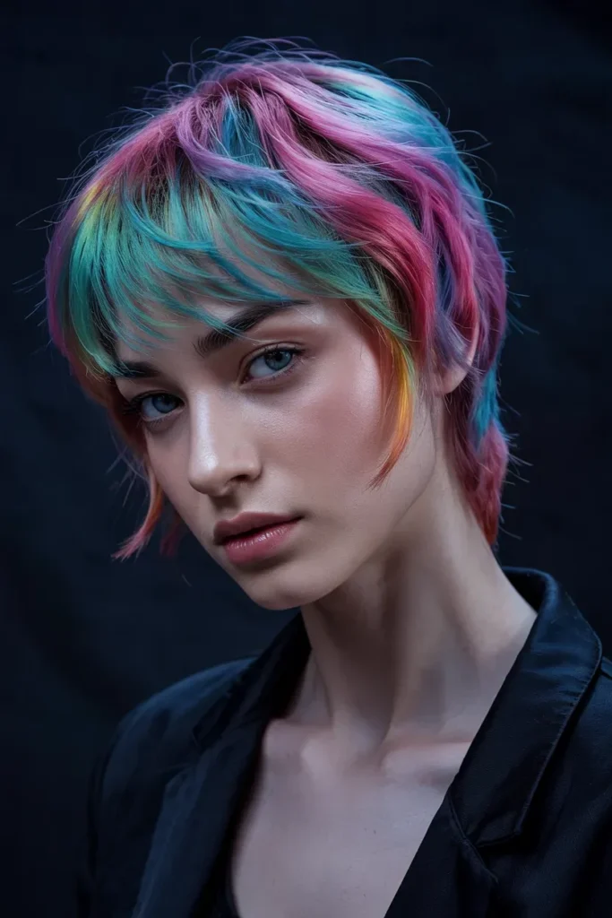 Short hair doesn’t mean boring. A rainbow bob feels modern, chic, and surprisingly easy to maintain compared to longer rainbow styles.
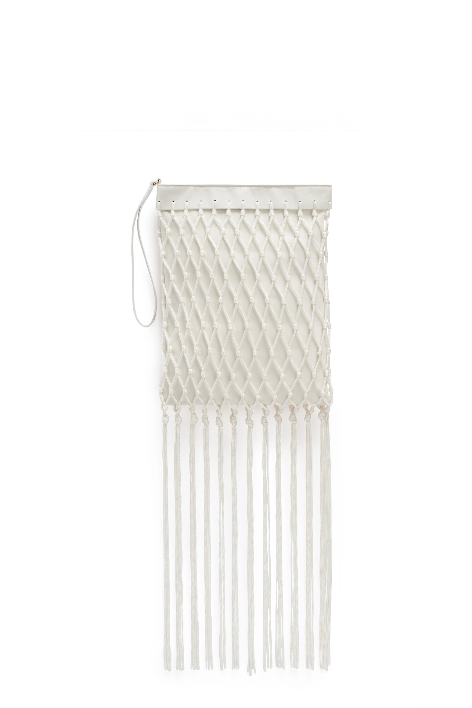 Naila Fringe Pouch in Ivory Nappa Leather & Silk Macrame
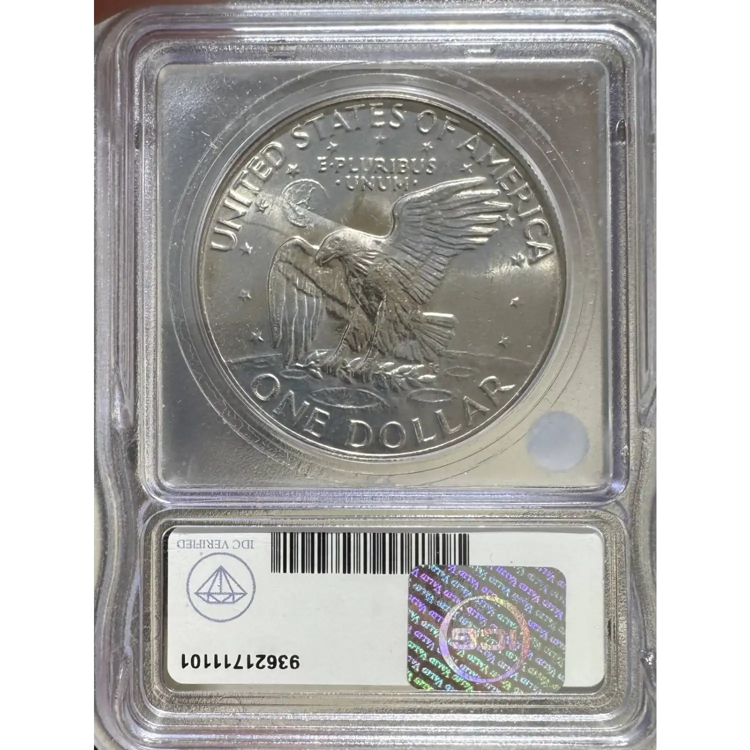 Reverse: A flying eagle, clutching olive branches, appears to be landing on the cratered moon, with the earth seen in the background. 13 stars surround the design with the words UNITED STATES OF AMERICA and ONE DOLLAR framing the periphery.
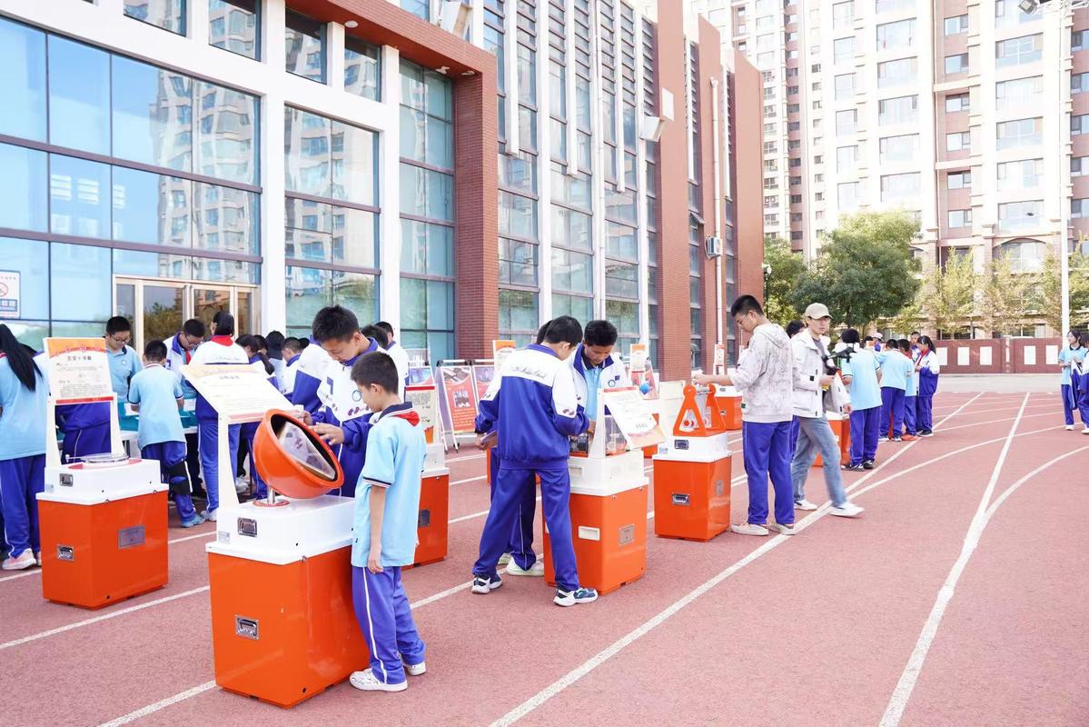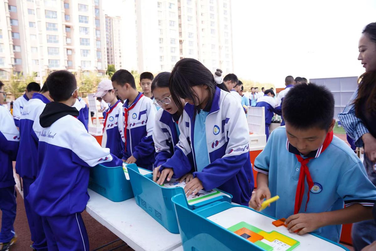 学校操场作为本次活动的主要场地,科普大篷车凭借丰富多样的互动展品吸引了众多学生踊跃参与。展品涵盖光学、力学、电磁学等多个科学领域,兼具生活性与趣味性。科普大篷车作为流动的“科技馆”,不仅拓展了学生的课外知识,更在轻松氛围中培养了其科学思维与探索精神。现场同步开展的“文津图书”套色印章打卡、机器狗表演、矿物岩石小课堂等活动,引发同学们热烈反响。
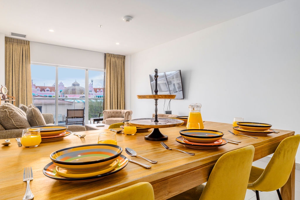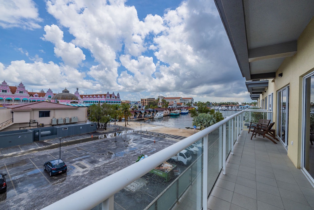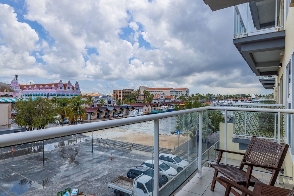 Enjoy the stunning infinity pool and tropical pool deck overlooking the Oranjestad Marina.
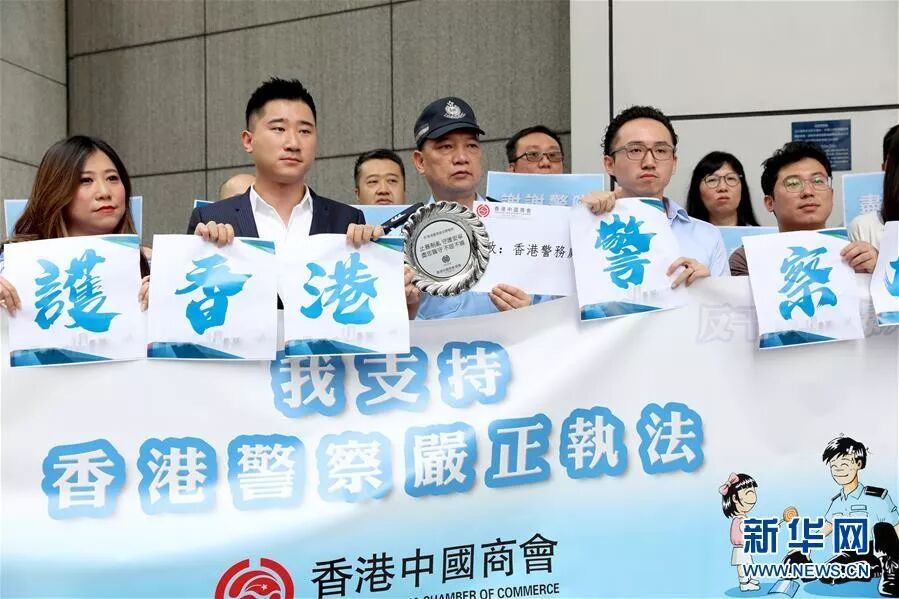 8月14日,香港中国商会会员一行30余人来到香港警察总部表达慰问和声援,支持警方严正执法,守护香港。 新华社记者 吴晓初 摄

^^^^^^^^

# YOUR OBJECTIVE
Set down every entry exactly as it appears, but skip the pictures.

# ANSWER FOR THE TASK
 Short hair doesn’t mean boring. A rainbow bob feels modern, chic, and surprisingly easy to maintain compared to longer rainbow styles.
 Naila Fringe Pouch in Ivory Nappa Leather & Silk Macrame
 Reverse: A flying eagle, clutching olive branches, appears to be landing on the cratered moon, with the earth seen in the background. 13 stars surround the design with the words UNITED STATES OF AMERICA and ONE DOLLAR framing the periphery.
 学校操场作为本次活动的主要场地,科普大篷车凭借丰富多样的互动展品吸引了众多学生踊跃参与。展品涵盖光学、力学、电磁学等多个科学领域,兼具生活性与趣味性。科普大篷车作为流动的“科技馆”,不仅拓展了学生的课外知识,更在轻松氛围中培养了其科学思维与探索精神。现场同步开展的“文津图书”套色印章打卡、机器狗表演、矿物岩石小课堂等活动,引发同学们热烈反响。
 Enjoy the stunning infinity pool and tropical pool deck overlooking the Oranjestad Marina.
 8月14日,香港中国商会会员一行30余人来到香港警察总部表达慰问和声援,支持警方严正执法,守护香港。 新华社记者 吴晓初 摄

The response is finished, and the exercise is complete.